I recently heard someone make a wisecrack that the only two good financial positions these days are: Cash and Fetal.   

If you are a part of the human race, you are very aware that 2008 was a devastating year for investors. Now, there was a time when that wouldn’t have included most Americans. But that was then, this is now. Today’s investors aren't just the rich, Wall Street types. They are us.  Today most Americans are dependent on their own investment prowess to prepare for their futures. That means most retirees don’t have the old fashioned pension plans to fall back on. And those who do are becoming increasingly concerned that those “guaranteed” nets may not be there when they lean back.

As I speak to audiences around the country, I am seeing a lot of hurting people. If you have been hammered by recent market downturns, you aren’t alone. In 2008 the U.S. stock markets lost roughly 40 percent of their value. That’s the worst showing since the 1930’s. And, world-wide, many other markets did even worse. So, with this in mind, allow me to share a few of the basics. These are ideas you might want to consider to make this difficult time a little better.

1. Rethink retirement.  It wasn’t until about seventy-five years ago that most Americans ever considered the possibility of spending their final years doing nothing of consequence. But with the advent of the Social Security system and more and more entitlement thinking — Americans gradually began to believe that they deserved to retire. Of course, when Social Security began, on average, people were dead by age 67. So, retirement in those days was generally short and inexpensive. Not so today.

If you’re nearing the sacred retirement age, this may be a great time to get out of the box and rethink your entire plan. Why not keep working? Every extra day you work, you accomplish three very good things: 

1) Income for that day that you don’t have to take out of your retirement money;

2) Hopefully, a few extra dollars to throw into your retirement account; and...

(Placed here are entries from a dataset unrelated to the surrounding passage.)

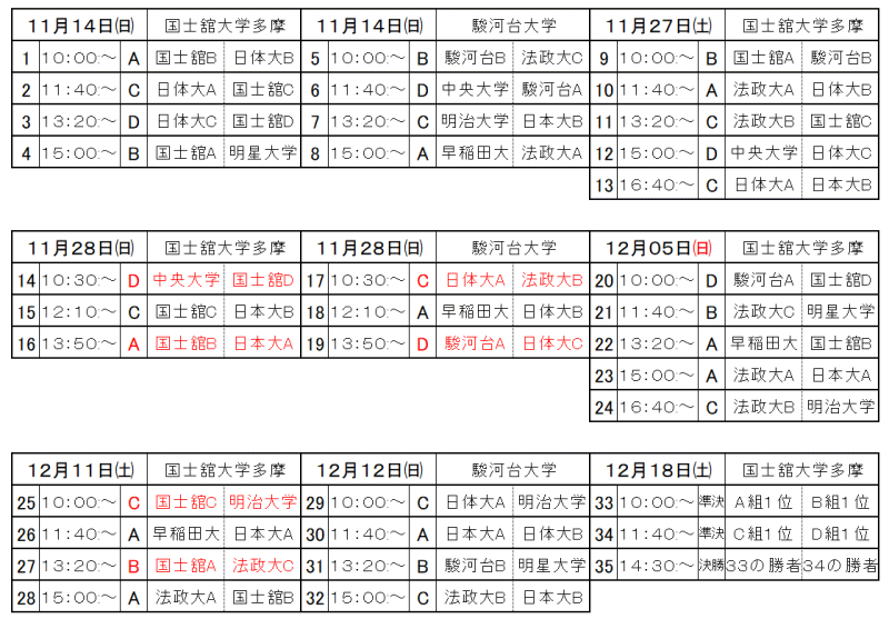 男子:11月14日~12月18日 会場=国士舘大学多摩キャンパス、駿河台大学
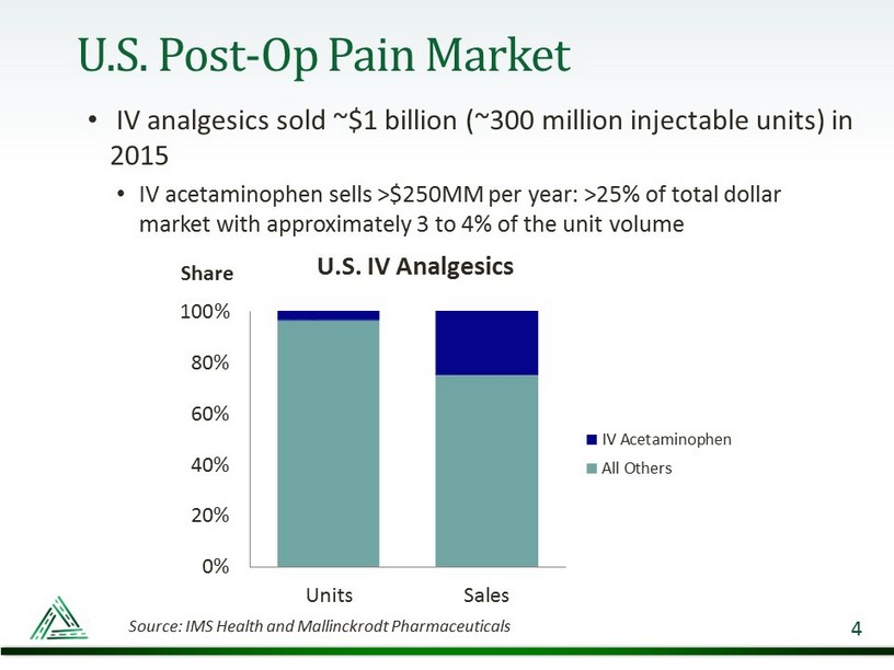 U.S. Post - Op Pain Market • IV analgesics sold ~$1 billion (~300 million injectable units) in 2015 • IV acetaminophen sells >$250MM per year: >25% of total dollar market with approximately 3 to 4% of the unit volume 4 0% 20% 40% 60% 80% 100% Units Sales U.S. IV Analgesics IV Acetaminophen All Others Share Source: IMS Health and Mallinckrodt Pharmaceuticals
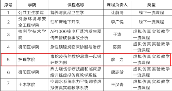 此前,我院廖力教授负责的《毒蛇咬伤的救护思维—以银环蛇为例》获得国家级一流本科课程,吴艳平教授负责的《社区护理学》、王蓉副教授负责的《护理学基础(双语)》获得省级一流本科课程。目前为止,我院共有国家级金课1门、省级金课5门。
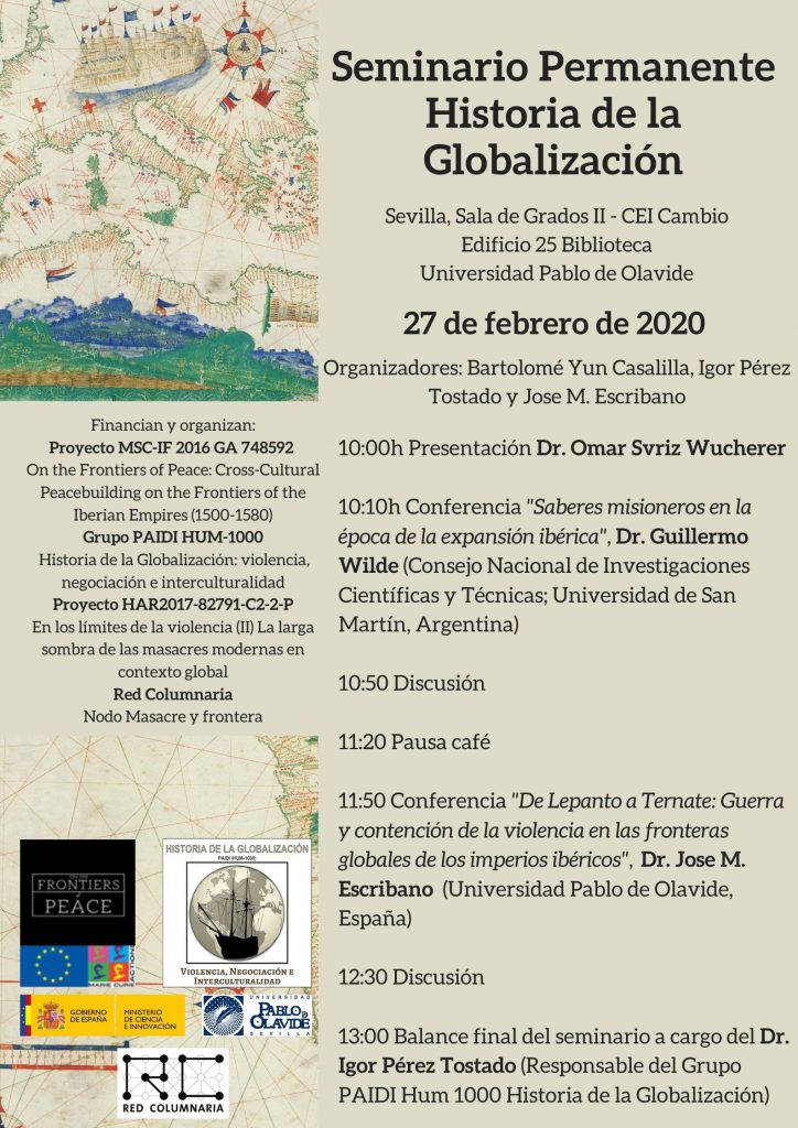La sesión está organizada y financiada por el Proyecto H2020 MSC-IF 2016 GA 748592 “On the Frontiers of Peace: Cross-Cultural Peacebuilding on the Frontiers of the Iberian Empires (1500-1580)”, el Grupo PAIDI HUM-1000: “Historia de la Globalización: violencia, negociación e interculturalidad”, el proyecto Proyecto HAR2017-82791-C2-2-P «En los límites de la violencia (II) La larga sombra de las masacres modernas en contexto global» y el «Nodo Masacre y Frontera» de la Red Columnaria.
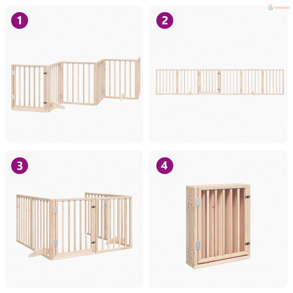 Összecsukható ajtós kutyakapu 6 panellel, 300 cm, nyárfa
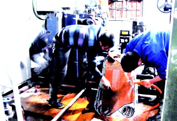 在小区西侧的换热站里,几名工作人员正在清洗换热片。两名工作人名一边用清水冲洗,地上都是红色的污水。“这上面都是电焊残渣,主要是新近安装的暖气管道里的。”一工作人员解释说,13日晚上该小区才完成并管,他们也是19日才发现换热片上有附着物的。
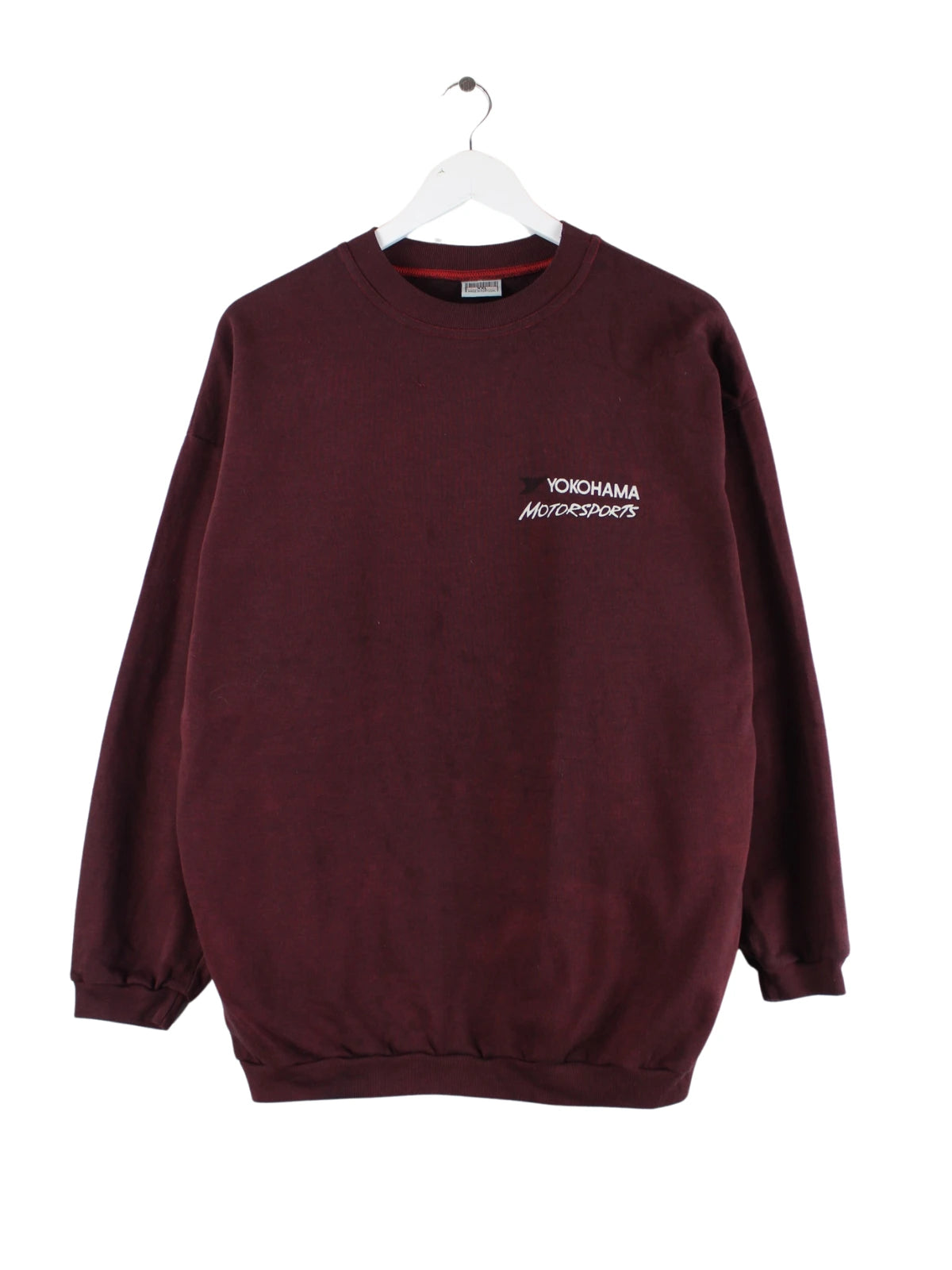 Vintage 90s Yokohama Motorsports Print Sweater Rot XXL

3) Another day to allow you retirement fund to grow a little larger.

2. Maintain a cash reserve. Like they say, it’s great to grow your principle — but it’s most important to maintain your principle. Generally, as people get closer to retirement they prefer to have more liquid money. So if markets go further south, they have a reserve fund to fall back on. This cash fund helps avoid digging into stock funds at the worst possible moment.

3. Don’t overcompensate.  For some, the tendency is to put everything into cash — and depart the stock market entirely. While no one knows the future, this might not be the best plan — even if you are nearing retirement. Sure the markets could still fall much further. But, historically, stock investments have had significantly better long-term returns than cash. Even in retirement, it may make sense to consider leaving a portion of your money in stock-related investments. That way, if stocks return, you have the potential of achieving greater long-term returns.

4.  Avoid the get-rich-quick schemes. It never fails: when markets do nose dives, there are hustlers on every corner promising stellar returns. And, having just lost a lot or your investment money, it may be tempting to “roll the dice” and hope for a big return. This is a great way to make bad matters worse. Sure, it might pay off, but what if it doesn’t?  In times like these, steady hands and level heads are priceless commodities.

5.  Consider reducing your lifestyle earlier rather than later.  If your assets have dwindled significantly (as have mine) consider cutting back fast! What does this mean?  It means doing everything you can reasonably do to get rid of high-rate credit debt. Pay off those credit cards. (Remember, if you’re paying 14% on your credit card debt — paying it off is like getting a 14% return on your money!)